INFORMATION SUPPLIED —
┌────────

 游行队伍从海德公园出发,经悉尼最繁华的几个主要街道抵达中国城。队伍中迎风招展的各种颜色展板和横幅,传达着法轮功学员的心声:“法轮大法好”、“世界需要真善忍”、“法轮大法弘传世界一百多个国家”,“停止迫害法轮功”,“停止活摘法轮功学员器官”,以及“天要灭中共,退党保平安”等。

└────────
┌────────

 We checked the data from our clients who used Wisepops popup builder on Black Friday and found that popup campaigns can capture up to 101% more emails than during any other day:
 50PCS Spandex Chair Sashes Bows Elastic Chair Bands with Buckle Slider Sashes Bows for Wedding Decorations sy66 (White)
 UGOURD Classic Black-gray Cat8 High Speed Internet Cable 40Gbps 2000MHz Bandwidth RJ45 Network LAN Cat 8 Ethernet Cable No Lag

└────────
┌────────

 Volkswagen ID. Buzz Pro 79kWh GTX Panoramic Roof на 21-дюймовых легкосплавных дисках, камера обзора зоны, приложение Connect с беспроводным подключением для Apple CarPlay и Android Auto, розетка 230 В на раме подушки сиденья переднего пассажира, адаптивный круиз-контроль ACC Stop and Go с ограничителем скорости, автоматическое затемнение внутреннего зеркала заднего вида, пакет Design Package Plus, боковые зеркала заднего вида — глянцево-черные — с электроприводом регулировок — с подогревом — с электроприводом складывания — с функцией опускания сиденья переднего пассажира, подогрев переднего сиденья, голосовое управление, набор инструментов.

└────────

ASSIGNMENT — Find and copy each line of the listing above that holds the word "Black".

SOLUTION TO THIS TASK —
 We checked the data from our clients who used Wisepops popup builder on Black Friday and found that popup campaigns can capture up to 101% more emails than during any other day:
 UGOURD Classic Black-gray Cat8 High Speed Internet Cable 40Gbps 2000MHz Bandwidth RJ45 Network LAN Cat 8 Ethernet Cable No Lag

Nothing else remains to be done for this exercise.